Action item: Return each line of the data below that contains the string "Gambar".
--- START ---
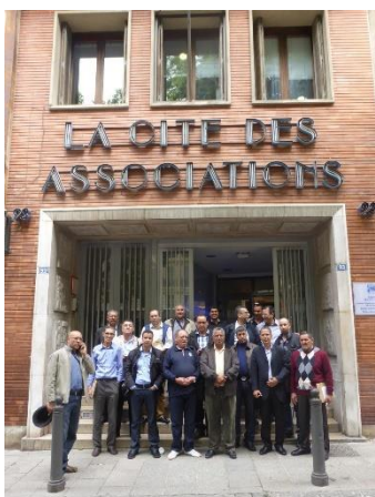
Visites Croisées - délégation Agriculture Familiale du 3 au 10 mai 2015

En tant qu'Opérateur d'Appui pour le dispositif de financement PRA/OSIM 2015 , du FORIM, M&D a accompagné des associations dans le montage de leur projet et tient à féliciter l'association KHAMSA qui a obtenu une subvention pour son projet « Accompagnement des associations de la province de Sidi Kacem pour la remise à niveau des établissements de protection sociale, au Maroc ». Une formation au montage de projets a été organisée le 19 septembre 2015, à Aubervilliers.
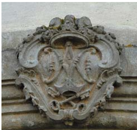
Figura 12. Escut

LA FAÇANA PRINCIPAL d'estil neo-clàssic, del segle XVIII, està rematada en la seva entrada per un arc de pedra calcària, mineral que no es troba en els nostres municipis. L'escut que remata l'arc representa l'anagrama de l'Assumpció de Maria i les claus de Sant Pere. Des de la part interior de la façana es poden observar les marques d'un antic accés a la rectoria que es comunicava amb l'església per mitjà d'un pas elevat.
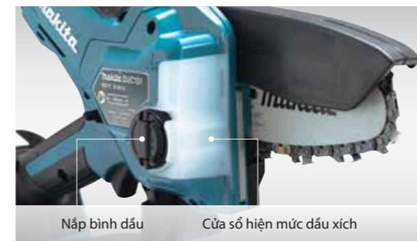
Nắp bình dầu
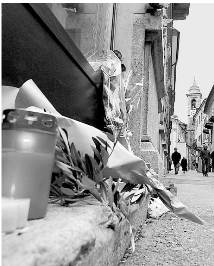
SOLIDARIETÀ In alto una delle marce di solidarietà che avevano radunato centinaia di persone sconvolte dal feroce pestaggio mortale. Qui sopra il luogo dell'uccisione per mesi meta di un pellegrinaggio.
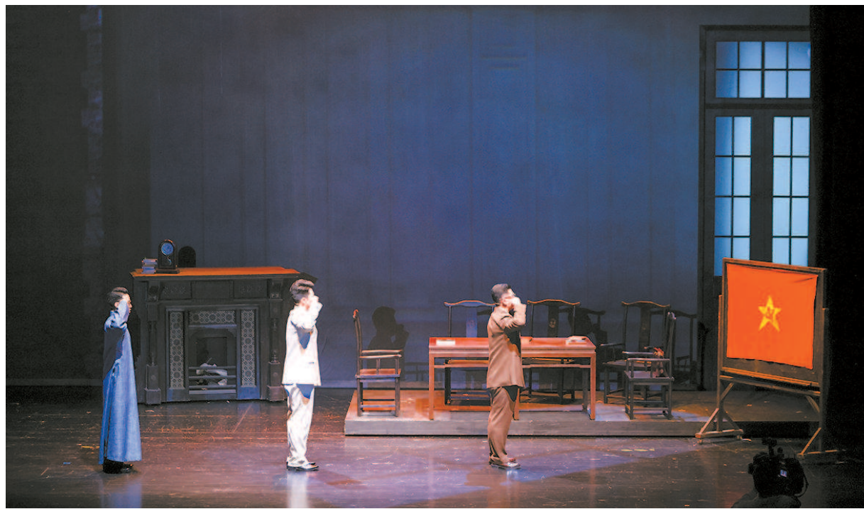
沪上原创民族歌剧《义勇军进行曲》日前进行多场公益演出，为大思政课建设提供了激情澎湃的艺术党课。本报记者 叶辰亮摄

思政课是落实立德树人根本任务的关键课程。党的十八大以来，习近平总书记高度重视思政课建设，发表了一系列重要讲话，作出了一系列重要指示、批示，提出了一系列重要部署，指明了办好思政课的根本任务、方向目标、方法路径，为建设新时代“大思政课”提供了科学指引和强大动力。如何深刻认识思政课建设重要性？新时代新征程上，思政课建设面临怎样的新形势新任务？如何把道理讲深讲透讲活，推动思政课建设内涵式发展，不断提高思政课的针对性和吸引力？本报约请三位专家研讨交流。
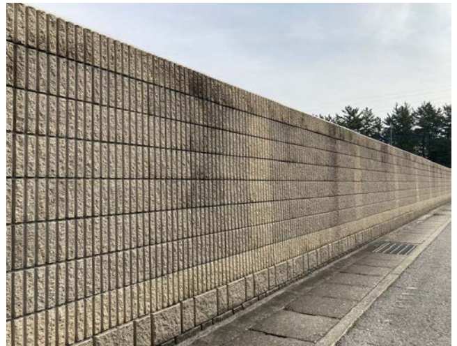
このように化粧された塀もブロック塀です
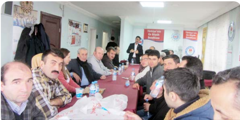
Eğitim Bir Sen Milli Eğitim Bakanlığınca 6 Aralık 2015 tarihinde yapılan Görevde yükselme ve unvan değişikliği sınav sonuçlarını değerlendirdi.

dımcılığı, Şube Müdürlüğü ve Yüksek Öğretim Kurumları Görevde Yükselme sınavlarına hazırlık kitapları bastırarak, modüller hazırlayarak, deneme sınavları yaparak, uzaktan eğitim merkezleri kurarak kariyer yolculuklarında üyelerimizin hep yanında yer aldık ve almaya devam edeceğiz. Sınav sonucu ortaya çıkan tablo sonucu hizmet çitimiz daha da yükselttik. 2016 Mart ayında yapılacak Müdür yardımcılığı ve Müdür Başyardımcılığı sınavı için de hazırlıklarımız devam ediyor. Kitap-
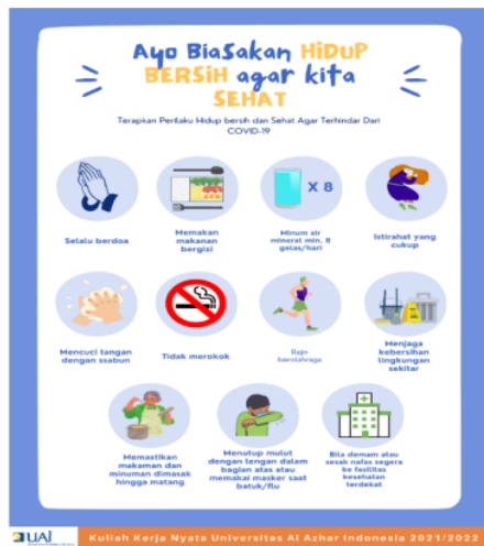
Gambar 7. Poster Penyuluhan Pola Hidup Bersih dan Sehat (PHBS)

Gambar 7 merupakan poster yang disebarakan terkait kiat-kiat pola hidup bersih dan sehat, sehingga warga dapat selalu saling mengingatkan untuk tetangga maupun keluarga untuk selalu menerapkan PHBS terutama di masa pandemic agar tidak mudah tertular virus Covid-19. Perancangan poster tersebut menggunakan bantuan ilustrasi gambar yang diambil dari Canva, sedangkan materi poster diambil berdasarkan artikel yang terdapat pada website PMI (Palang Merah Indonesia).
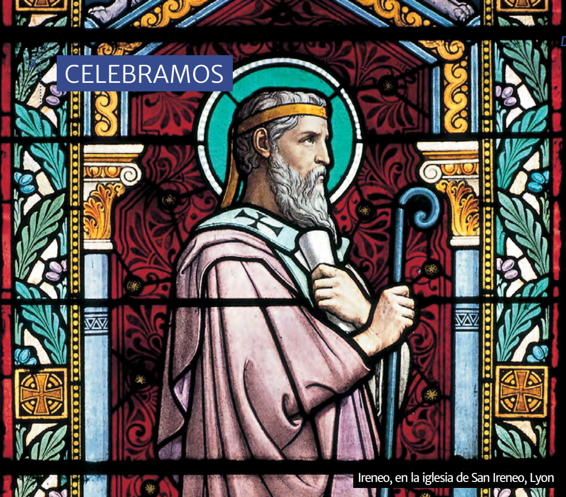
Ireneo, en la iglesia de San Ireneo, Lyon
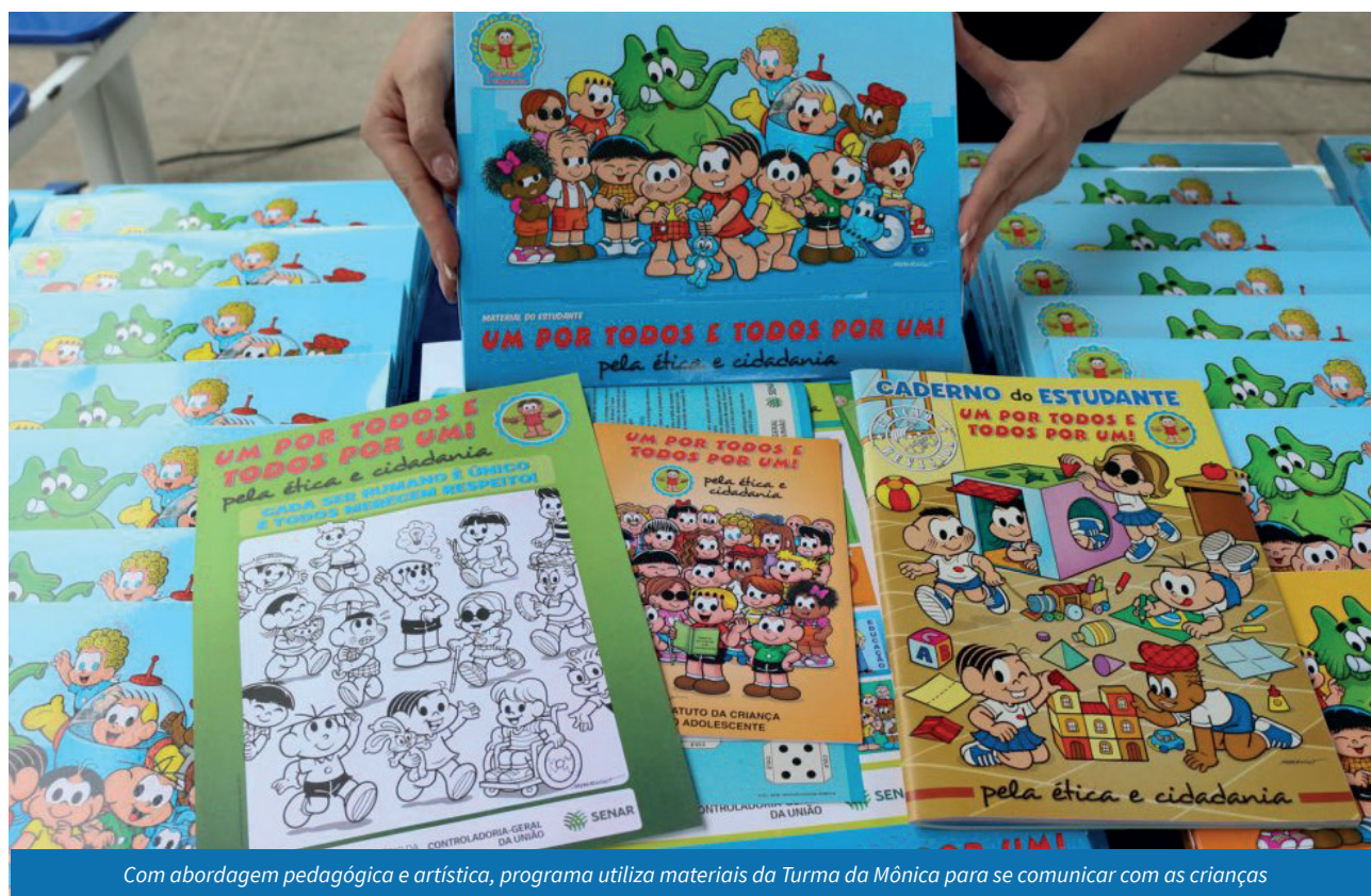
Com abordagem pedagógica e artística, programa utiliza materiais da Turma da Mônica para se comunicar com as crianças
--- END ---
--- START ---
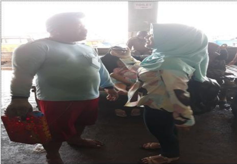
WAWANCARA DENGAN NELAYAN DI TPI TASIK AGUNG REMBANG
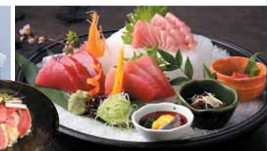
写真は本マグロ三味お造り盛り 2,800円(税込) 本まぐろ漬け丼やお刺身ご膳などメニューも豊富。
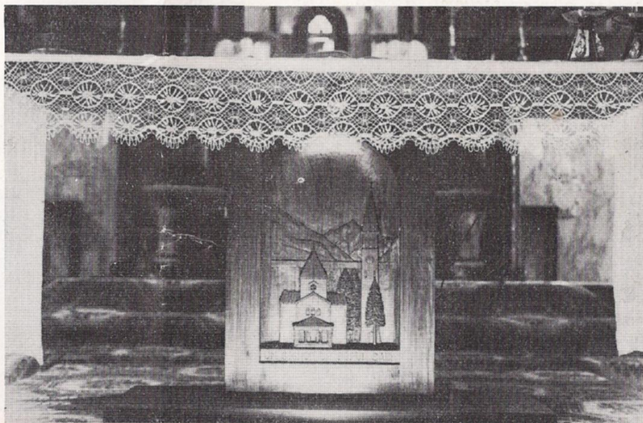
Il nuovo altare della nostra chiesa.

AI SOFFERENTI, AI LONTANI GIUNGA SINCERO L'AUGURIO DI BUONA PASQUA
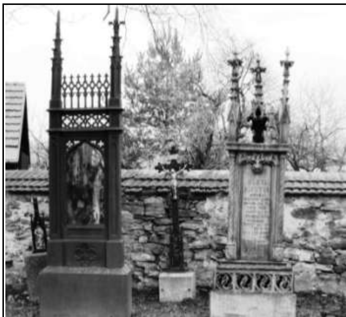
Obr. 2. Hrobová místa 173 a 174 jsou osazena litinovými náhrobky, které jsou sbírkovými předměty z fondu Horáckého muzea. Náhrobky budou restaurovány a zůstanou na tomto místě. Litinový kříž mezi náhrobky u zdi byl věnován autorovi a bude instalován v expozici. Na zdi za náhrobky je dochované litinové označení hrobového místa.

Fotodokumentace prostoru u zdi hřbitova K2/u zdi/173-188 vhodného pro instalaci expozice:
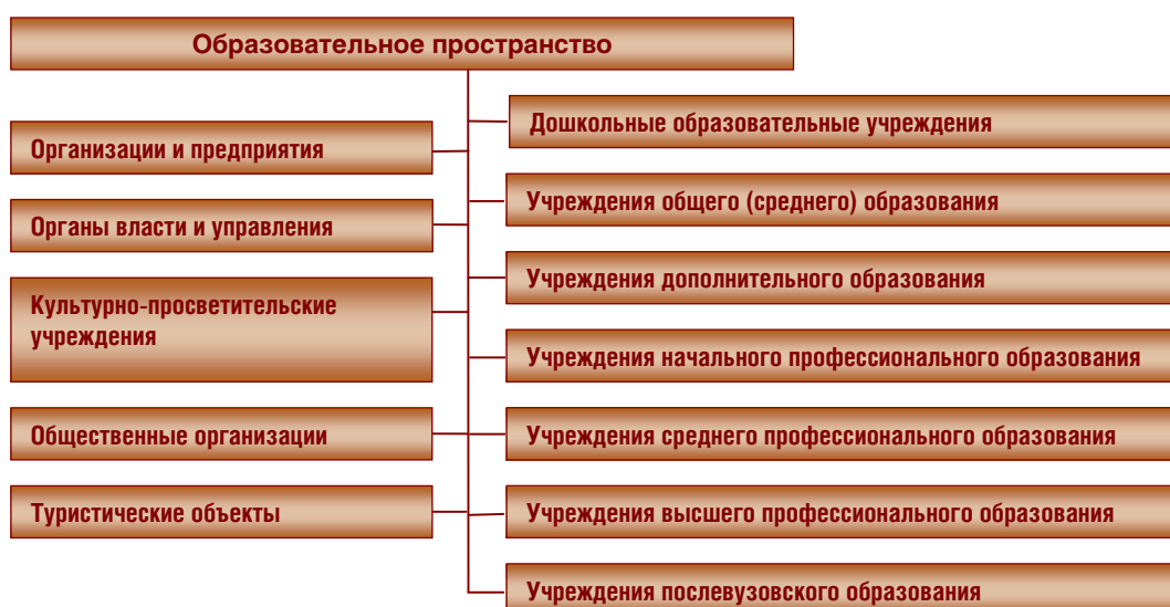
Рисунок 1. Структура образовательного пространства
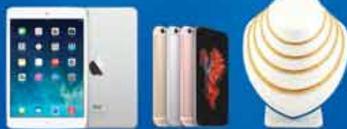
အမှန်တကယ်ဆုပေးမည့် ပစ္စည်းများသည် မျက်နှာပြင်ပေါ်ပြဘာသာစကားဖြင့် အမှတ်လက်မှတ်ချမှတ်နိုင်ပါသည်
--- END ---
Exercise solution:
Gambar 7. Poster Penyuluhan Pola Hidup Bersih dan Sehat (PHBS)
Gambar 7 merupakan poster yang disebarakan terkait kiat-kiat pola hidup bersih dan sehat, sehingga warga dapat selalu saling mengingatkan untuk tetangga maupun keluarga untuk selalu menerapkan PHBS terutama di masa pandemic agar tidak mudah tertular virus Covid-19. Perancangan poster tersebut menggunakan bantuan ilustrasi gambar yang diambil dari Canva, sedangkan materi poster diambil berdasarkan artikel yang terdapat pada website PMI (Palang Merah Indonesia).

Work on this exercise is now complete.